▶ [PROBLEM TO SOLVE]: An exact copy of the listing below is the answer, with the pictures removed.

▶ [DATA RECORDS]:

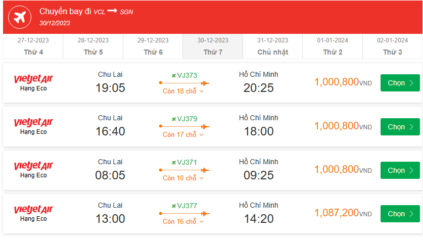 Vietjet Air Chu Lai Cất cánh: 16:40 Ngày: 30-12-2023 Hồ Chí Minh Hạ cánh: 18:00 Ngày: 30-12-2023 Chuyến bay: VJ379 giá vé máy bay 1,000,800VND
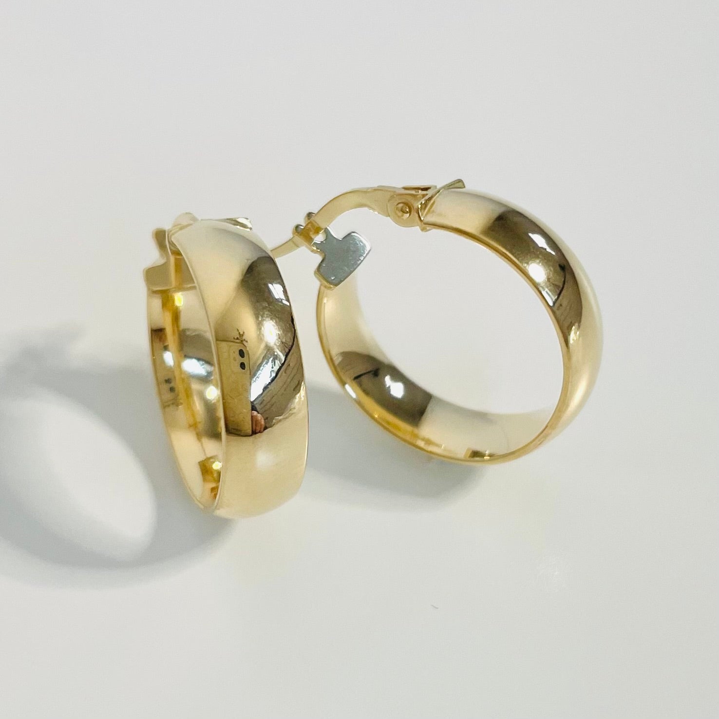 Crafted from 10-karat gold with a refined high-polish finish, these Italian-made hoops showcase timeless elegance. The 18mm diameter and 5mm width create a balanced, wearable silhouette that complements both everyday styling and special occasions. A versatile essential for any fine jewelry collection.
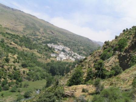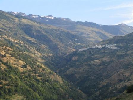 In tegenstelling tot wat LO in zijn boekje vermeld is er WEL een camping: Camping Trevélez, 1 km ZW van Trevélez aan de GR421. We vinden het een matige, wat verlopen camping, en omdat wij Trevélez nogal druk en toeristisch vinden rijden we door tot camping El Balcón in Pitres die ons wel aanstaat. Menig Spanjaard die wij tijdens deze vakantie hebben gesproken, heeft ons aangeraden om vooral door de Alpujarras te gaan. En dat is volkomen terecht. De Alpujarras is eigenlijk een optelsom van de Franse, Zwitserse en Oostenrijkse Alpen, maar dan met een Spaanse invulling wat de dorpjes met witte huizen betreft. Helaas gaan we nu alweer de Alpujarras uit, route 23 richting Granada. Tot Orgiva kunnen we nog volop genieten van de prachtige omgeving, en Orgiva zelf is ook leuk, vooral de chaotische markt is heel gezellig; volgens de Lonely Planet heeft deze markt een hoog New Age gehalte; ons valt vooral het grote aantal Engelsen op. Het is wel toeristisch, we kunnen er echte cappuccino (geen Spaanse cappuccino= koffie met slagroom) drinken, er is zelfs appelgebak, wat een luxe!
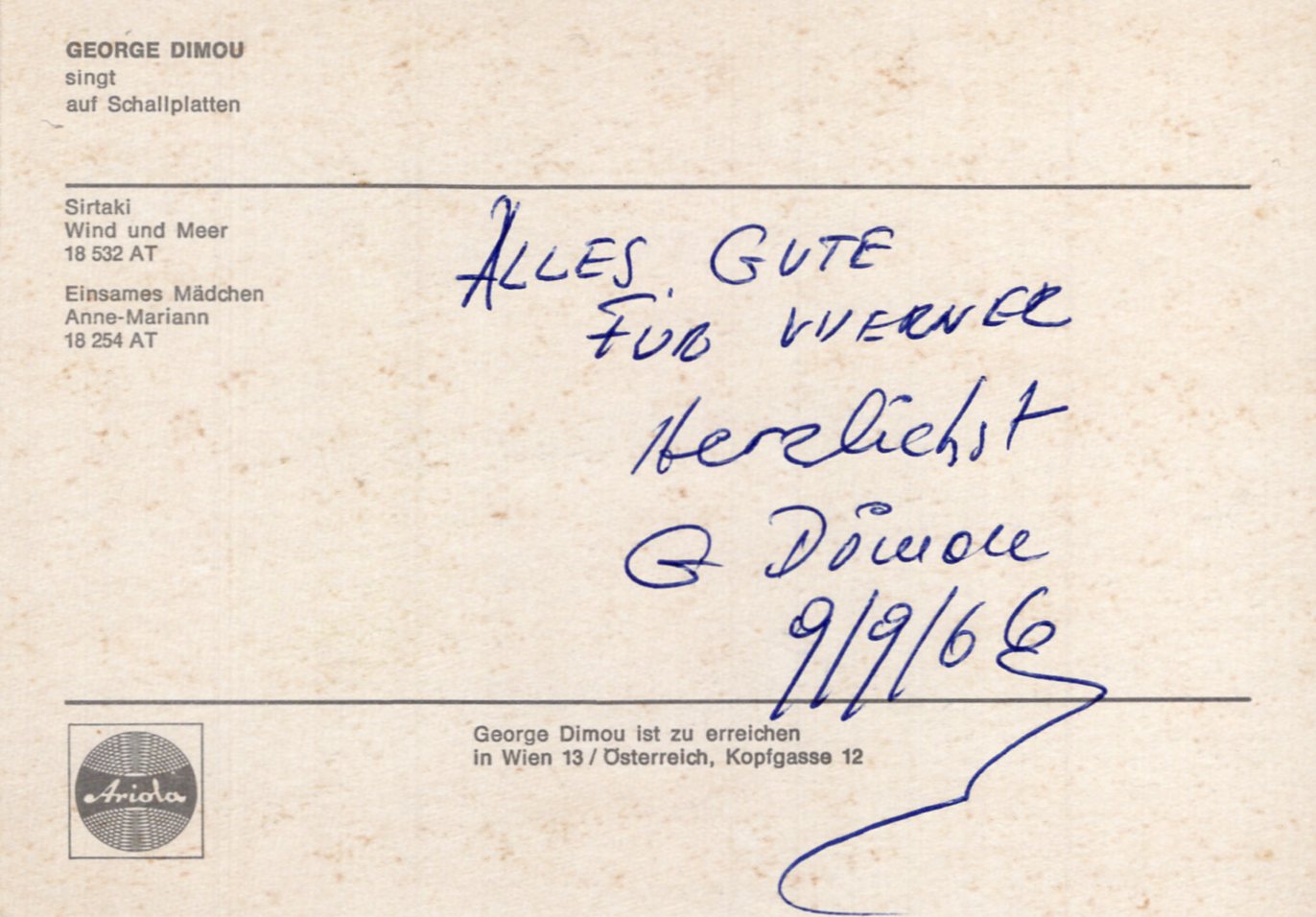 auf der Rückseite signierte farbige Autogrammkarte 10x15cm - mit Widmung
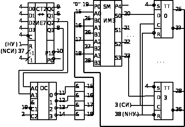 7.Схема, которая на одном их выходов дешифратора вырабатывает непрерывную серию импульсов.Номер выхода и число импульсов в серии зависят от числа "1" на входах 1,2,3,4.
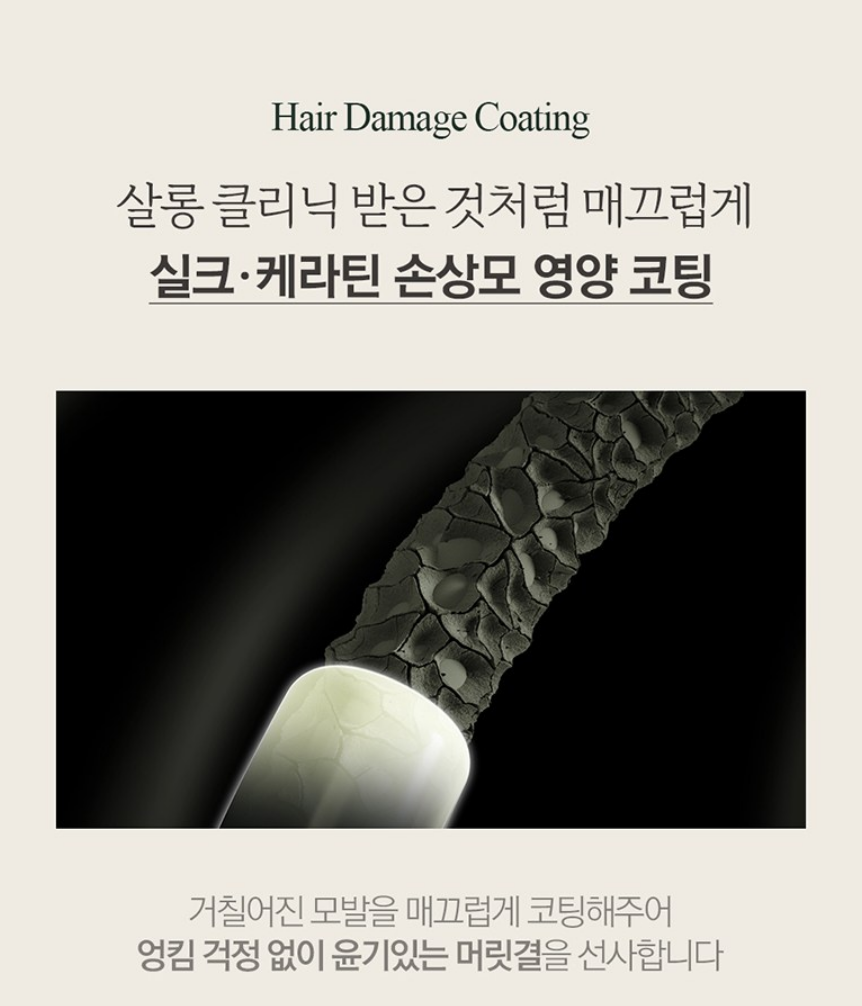 거칠어진 모발을 실크 및 케라틴 성분이 매끄럽게 코팅해주어 엉킴 걱정 없이 윤기있는 머릿결을 선사해줘요.

▶ [ANSWER BOX]:
 Vietjet Air Chu Lai Cất cánh: 16:40 Ngày: 30-12-2023 Hồ Chí Minh Hạ cánh: 18:00 Ngày: 30-12-2023 Chuyến bay: VJ379 giá vé máy bay 1,000,800VND
 Crafted from 10-karat gold with a refined high-polish finish, these Italian-made hoops showcase timeless elegance. The 18mm diameter and 5mm width create a balanced, wearable silhouette that complements both everyday styling and special occasions. A versatile essential for any fine jewelry collection.
 In tegenstelling tot wat LO in zijn boekje vermeld is er WEL een camping: Camping Trevélez, 1 km ZW van Trevélez aan de GR421. We vinden het een matige, wat verlopen camping, en omdat wij Trevélez nogal druk en toeristisch vinden rijden we door tot camping El Balcón in Pitres die ons wel aanstaat. Menig Spanjaard die wij tijdens deze vakantie hebben gesproken, heeft ons aangeraden om vooral door de Alpujarras te gaan. En dat is volkomen terecht. De Alpujarras is eigenlijk een optelsom van de Franse, Zwitserse en Oostenrijkse Alpen, maar dan met een Spaanse invulling wat de dorpjes met witte huizen betreft. Helaas gaan we nu alweer de Alpujarras uit, route 23 richting Granada. Tot Orgiva kunnen we nog volop genieten van de prachtige omgeving, en Orgiva zelf is ook leuk, vooral de chaotische markt is heel gezellig; volgens de Lonely Planet heeft deze markt een hoog New Age gehalte; ons valt vooral het grote aantal Engelsen op. Het is wel toeristisch, we kunnen er echte cappuccino (geen Spaanse cappuccino= koffie met slagroom) drinken, er is zelfs appelgebak, wat een luxe!
 auf der Rückseite signierte farbige Autogrammkarte 10x15cm - mit Widmung
 7.Схема, которая на одном их выходов дешифратора вырабатывает непрерывную серию импульсов.Номер выхода и число импульсов в серии зависят от числа "1" на входах 1,2,3,4.
 거칠어진 모발을 실크 및 케라틴 성분이 매끄럽게 코팅해주어 엉킴 걱정 없이 윤기있는 머릿결을 선사해줘요.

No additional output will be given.